Please reply to the newsgroup unless you wish to avail yourself of my
services on a paid consulting basis.

Doug Robbins - Word MVP

> Word 2002
> Windows XP Pro SP2
[quoted text clipped - 4 lines]
>
> -gk-
Klaus Linke - 09 May 2008 11:56 GMT
> The quickest way would be to use Edit>Replace to replace "planet" with
> "planet"  At the very least it saves the time of writing the code to do it
> in some other way.

If you need the result in a macro, maybe check out
http://word.mvps.org/FAQs/MacrosVBA/GetNoOfReplacements.htm

In some cases, it might be quicker to get the text into a string, and count
the number of occurrences there:

Dim sText As String
sText = ActiveDocument.Content.Text

Dim sWord As String
sWord = "planet"

Dim iNum As Long
iNum = UBound(Split(sText, sWord))

' or make it case-insensitive:
iNum = UBound(Split(UCase(sText), UCase(sWord)))

Debug.Print sWord & " appears " & iNum & " times."

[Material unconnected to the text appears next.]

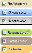 • 当鼠标移动时,内建了 Windows XP, Office 2003, 3D, Flat, Bevel, CoolButton, XP 等效果, 在鼠标移动在可以应用在 Windows 98, Me, NT 4.0, 2000, XP, 以及 Vista 下面的外观和风格时,内建有 3D 效果。

Getting the text into the string takes some time, so that approach likely
does not pay off if you just need to count the number of times *one* word
appears.
But if you need to do that for many words though, or need to fetch lots of
other info that you can get directly from the string, it's often quicker.

Regards,
Klaus
Sandusky - 13 May 2008 22:54 GMT
But what I want, actually what I _need_, is the actual count - preferably in
VBA.

-gk-

> The quickest way would be to use Edit>Replace to replace "planet" with
> "planet"  At the very least it saves the time of writing the code to do it
[quoted text clipped - 8 lines]
>>
>> -gk-
Doug Robbins - Word MVP - 14 May 2008 20:44 GMT
Dim i As Long
       Dim findword As String
       findword = InputBox("Enter the word that you want to find.", "Word
Counter")
       Selection.HomeKey wdStory
       Selection.Find.ClearFormatting
       With Selection.Find
           Do While .Execute(Findtext:=findword, Forward:=True,
MatchWholeWord:=True, _
               MatchCase:=True, MatchWildcards:=False, Wrap:=wdFindStop) =
True
               i = i + 1
               Selection.Collapse wdCollapseEnd
           Loop
       End With
       Selection.HomeKey wdStory
       MsgBox "The word " & findword & " appears in the document " & i & "
times."

Signature

Hope this helps.

Please reply to the newsgroup unless you wish to avail yourself of my
services on a paid consulting basis.

Doug Robbins - Word MVP

> But what I want, actually what I _need_, is the actual count - preferably
> in VBA.
[quoted text clipped - 13 lines]
>>>
>>> -gk-
Klaus Linke - 15 May 2008 10:42 GMT
> But what I want, actually what I _need_, is the actual count -
> preferably in VBA.

Hi Sandusky,

I had posted two ways to do this quickly already... Don't you see the post?